Re-structuring the ERMs – the basic idea
The basic idea is as follows. An insurer’s portfolio of equity release mortgages is placed inside a Special Purpose Vehicle (SPV). In the simplest setting, the capital structure of the SPV will have two components: a senior, or debt, component (or tranche, in SPV jargon), which promises to pay a specified set of fixed cashflows until a specified maturity date; and a junior, or equity, component (tranche), that has a claim on the residual assets of the SPV once the debtholder has been paid in full. If the assets of the SPV are not sufficient to pay the senior tranche in full, the holder of the senior tranche receives all the assets in the SPV and the holder of the equity tranche receives nothing.
As far as I am aware, in all cases to date, UK insurance firms have retained full ownership of the entire capital structure of these ERM SPVs, and all the assets inside the SPV were fully-owned by the insurer prior to the re-structuring. The insurance firm’s economic exposure to its ERM portfolio is therefore exactly the same as it was before the portfolio was placed inside the SPV. The use of the SPV is, to date, simply a cosmetic re-presentation of the assets in a way that makes a portion of these assets eligible for use in backing Matching Adjustment (MA) liabilities. In doing so, the re-structuring thereby potentially allows the insurance firm to access all the benefits that arise under the MA (such as a reduction in liability valuation, a reduction in solvency capital requirement, and faster profit recognition).
Valuing the tranches of the SPV
In keeping with the methods of the previous ERM articles, we will develop insight into the nature of this problem through the use of a simple case study. In fact, we will use the same example equity release mortgage as the one discussed in the previous two ERM articles (Part One and Part Two).
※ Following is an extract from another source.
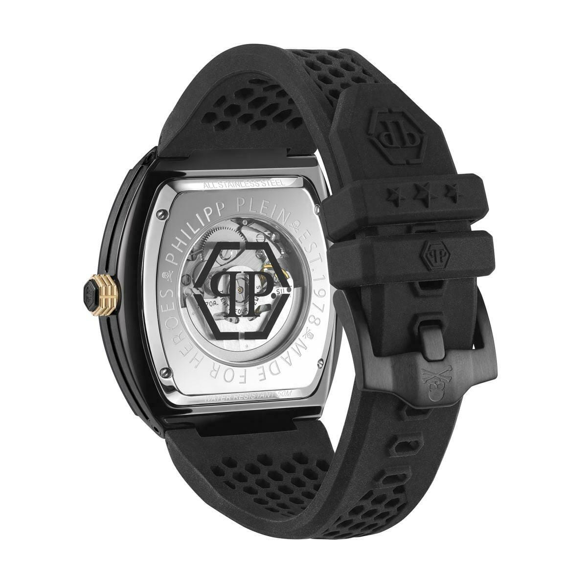 Яркие мужские часы Philipp Plein The Skeleton PWBAA0521, механический механизм (автоматический калибр) с высокой точностью. Класс водозащиты: 50 метров, позволит защитить корпус от случайных брызг или капель дождя. Корпус часов изготовлен из стали, цвета.

To re-cap, we assumed a risk-free interest rate of 1.5%; a property deferment rate of 3.0%; house market index volatility of 12%; house-specific volatility of 11%; and the mortgage was assumed to have an initial Loan-To-Value of 30%; a mortgage roll-up rate of 4.0% and a term of 25 years.
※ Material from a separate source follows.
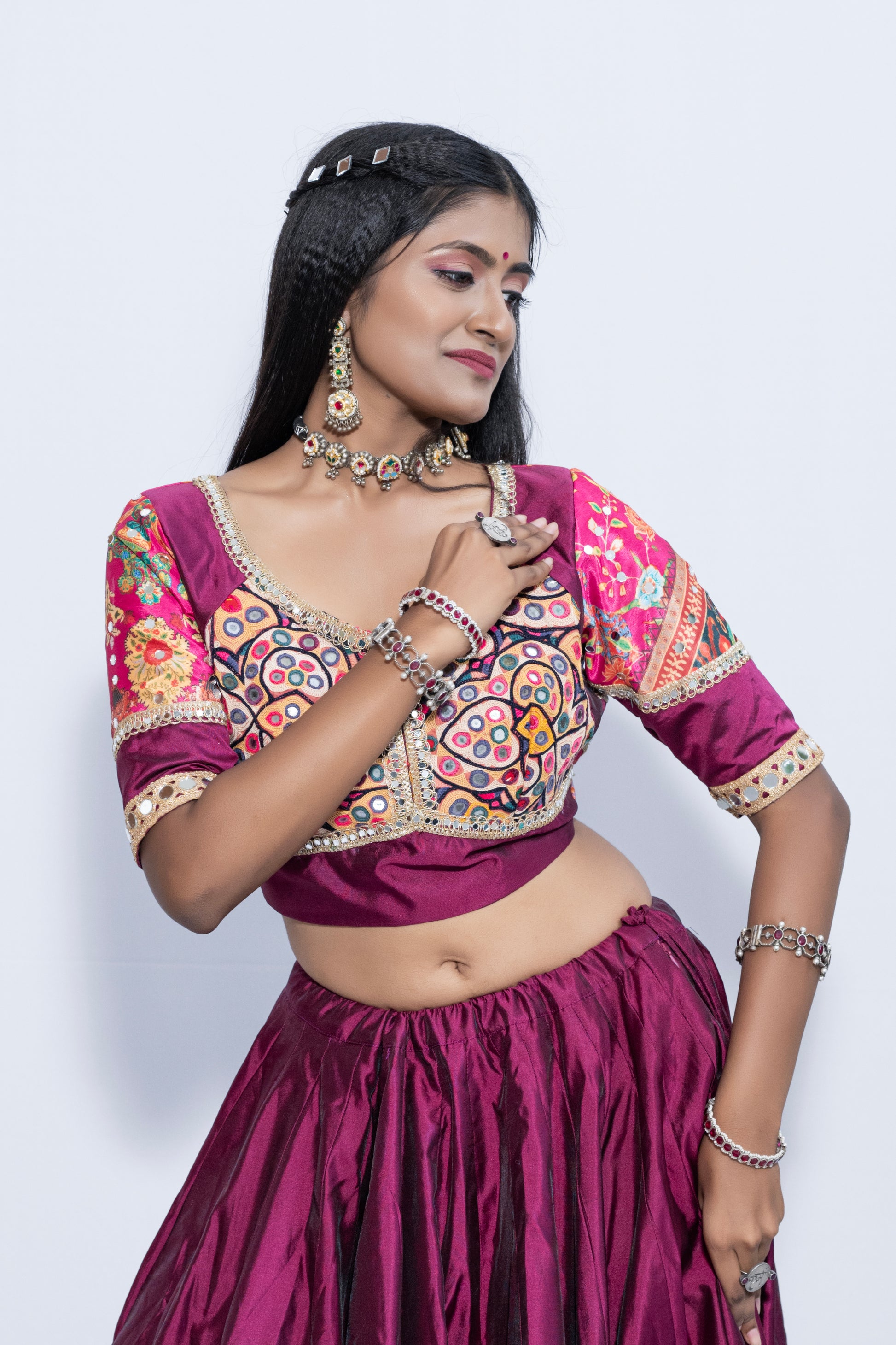The deep maroon Chaniya is made with intricate patterns and colorful embroidery, showcasing a delightful blend of floral and geometric motifs. Accentuated with delicate borders and shimmering embellishments, the skirt captures attention with its rich and detailed craftsmanship. Made from Digitally Printed Silk Fabric.

The aggregation of the house market index volatility of 12% with the (uncorrelated) house-specific volatility of 11% produces a total house price volatility of 16% pa. To further re-cap, this mortgage has a promised payment at maturity (25 years) of 0.800. In the Part One article, we found that the present value of the certain component of the mortgage is 0.55; and the no-negative equity guarantee has a value of 0.200, resulting in an overall equity release mortgage value of 0.35. The fair value implies a gross redemption yield on the mortgage asset of 3.35%, which in turn implies a credit spread of 185 basis points over the assumed risk-free rate.
The good news is that we do not need to make any further valuation assumptions in order to value any tranche of an SPV of a portfolio of the above ERMs. Suppose we write mortgages with the above terms on 1000 different houses. The value of the 1000 mortgages is clearly 350 (i.e. 0.35 x 1000). Let’s further suppose that we put these 1000 mortgages into an SPV that issues a senior or debt tranche and a junior or equity tranche.
The above economic, property and mortgage assumptions uniquely define a value for any tranche of this vehicle. Given these assumptions, valuing the tranches is in fact very straightforward: they are well-defined forms of contingent claim. To my (limited) knowledge, a closed-form solution for the valuation of the tranches according to the above modelling assumptions is not readily to hand, but the valuations can be implemented using standard Monte-Carlo simulation techniques (like those used by UK life actuaries for the last 15 years or more in areas such as the fair valuation of with-profit guarantees).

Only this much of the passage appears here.